■ TASK REQUIREMENTS
Reproduced exactly, the lines from the start of the material through the line containing "Платформа 3.5D XDSiP" should be the whole answer, with pictures excluded.

■ DATASET EXCERPT
'''
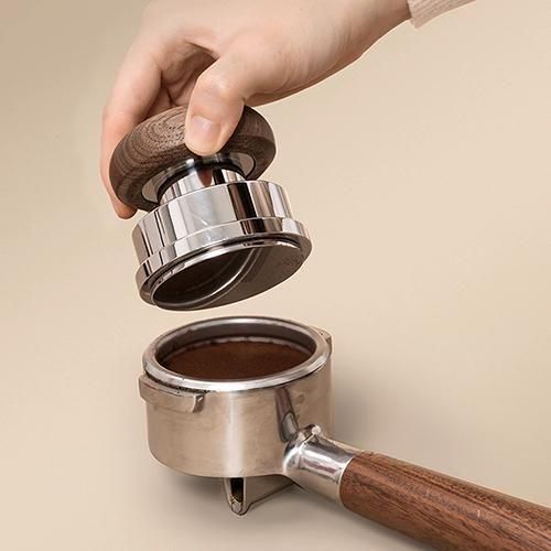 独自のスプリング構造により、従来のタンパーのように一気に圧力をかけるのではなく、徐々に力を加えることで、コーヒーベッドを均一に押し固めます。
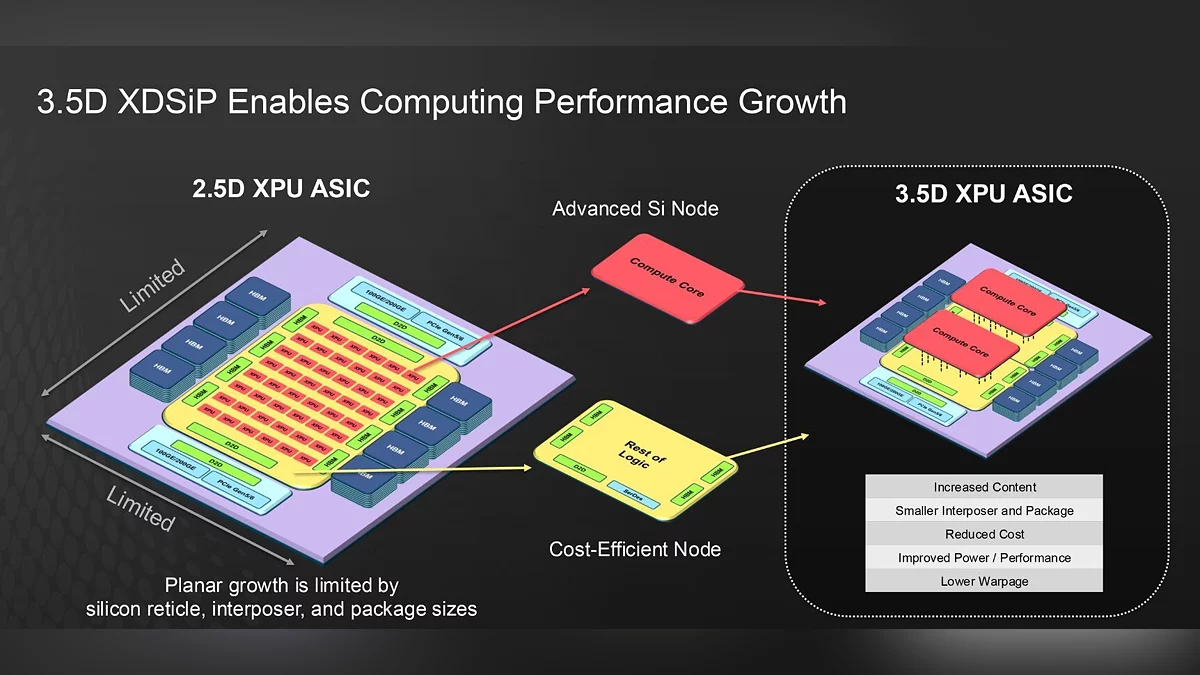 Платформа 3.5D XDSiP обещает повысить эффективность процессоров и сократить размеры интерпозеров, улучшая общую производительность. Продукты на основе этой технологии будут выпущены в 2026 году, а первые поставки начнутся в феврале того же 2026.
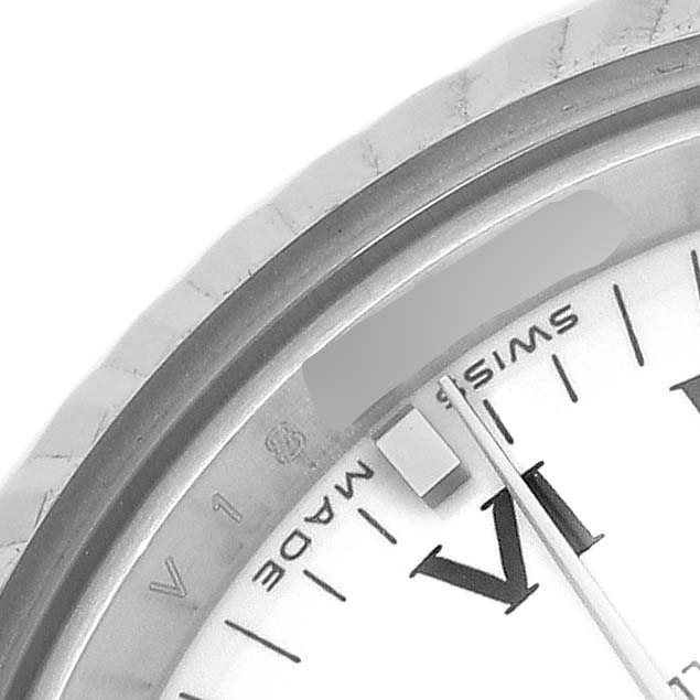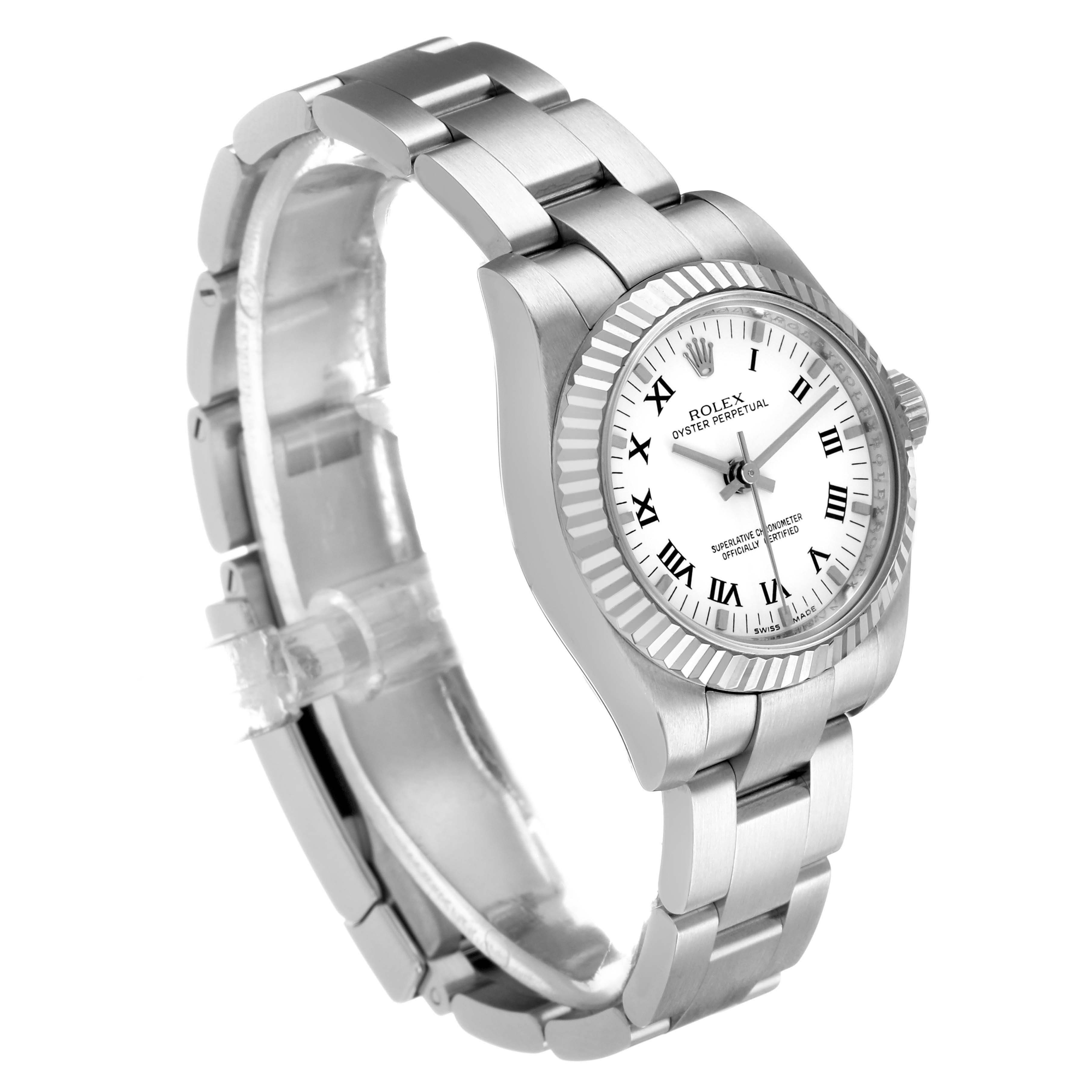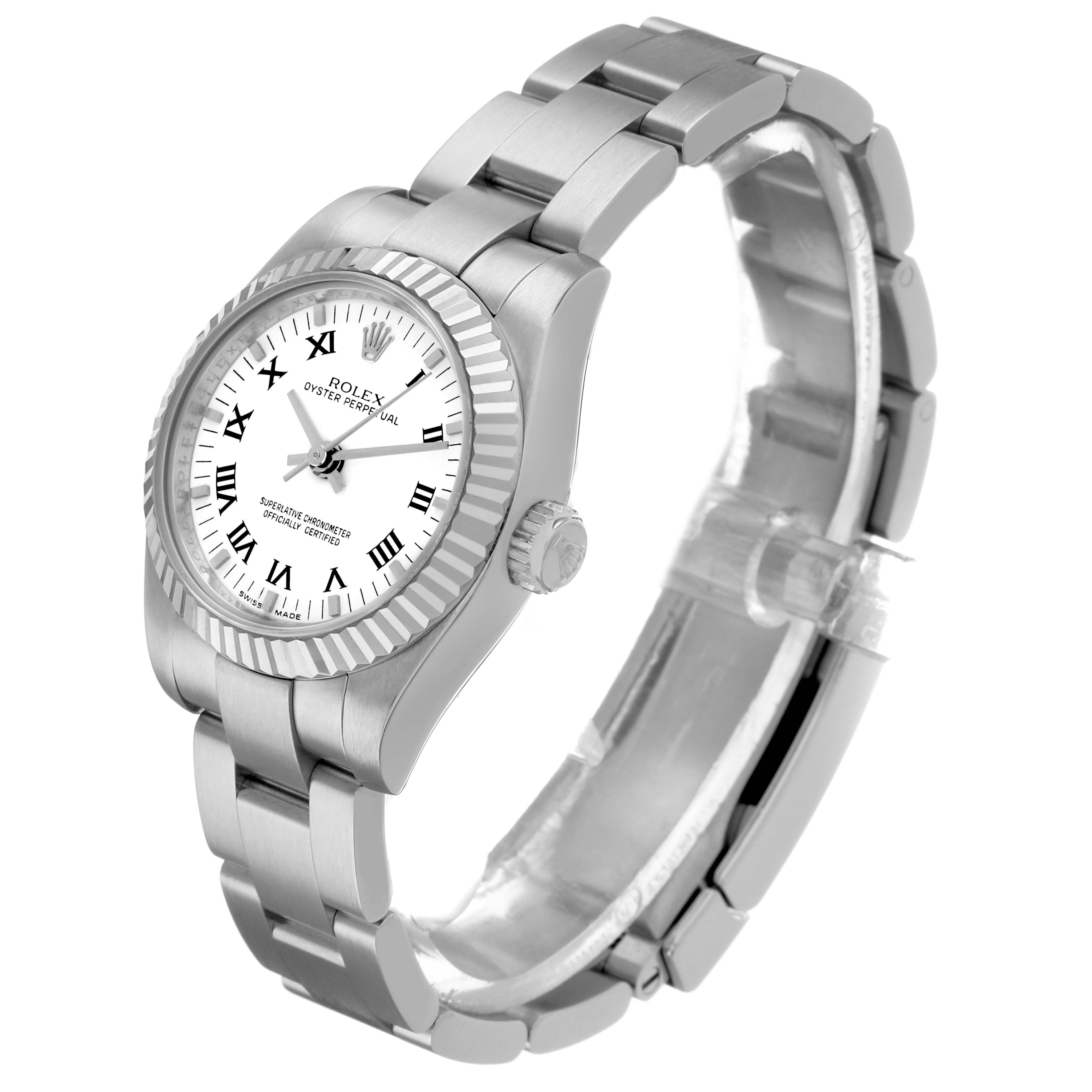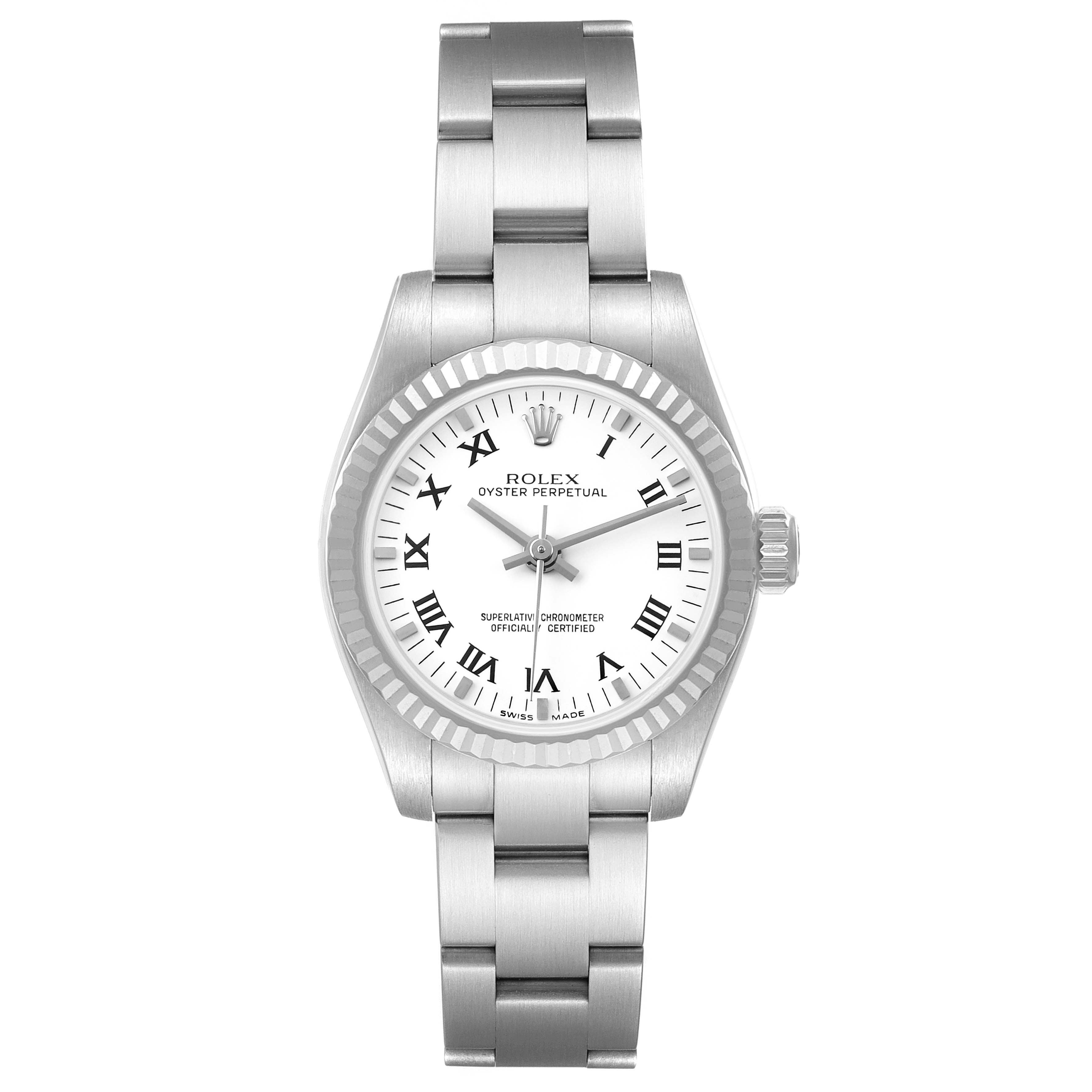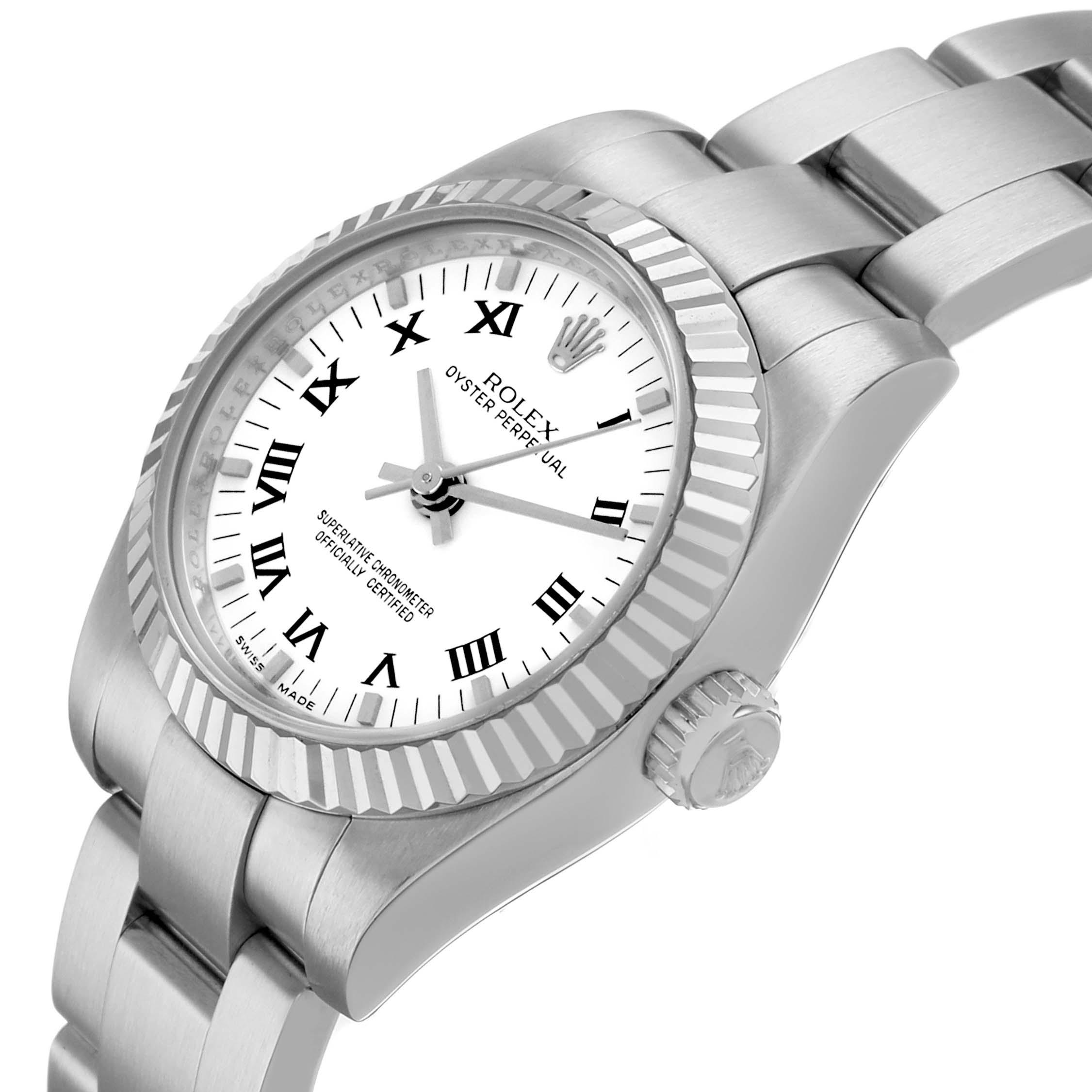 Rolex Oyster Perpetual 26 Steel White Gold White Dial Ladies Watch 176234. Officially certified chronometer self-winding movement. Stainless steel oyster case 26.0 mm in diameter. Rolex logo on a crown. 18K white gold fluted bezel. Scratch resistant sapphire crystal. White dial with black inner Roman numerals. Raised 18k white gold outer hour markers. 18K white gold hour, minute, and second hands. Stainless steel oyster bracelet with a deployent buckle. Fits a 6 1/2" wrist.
'''
■ EXERCISE SOLUTION
 独自のスプリング構造により、従来のタンパーのように一気に圧力をかけるのではなく、徐々に力を加えることで、コーヒーベッドを均一に押し固めます。
 Платформа 3.5D XDSiP обещает повысить эффективность процессоров и сократить размеры интерпозеров, улучшая общую производительность. Продукты на основе этой технологии будут выпущены в 2026 году, а первые поставки начнутся в феврале того же 2026.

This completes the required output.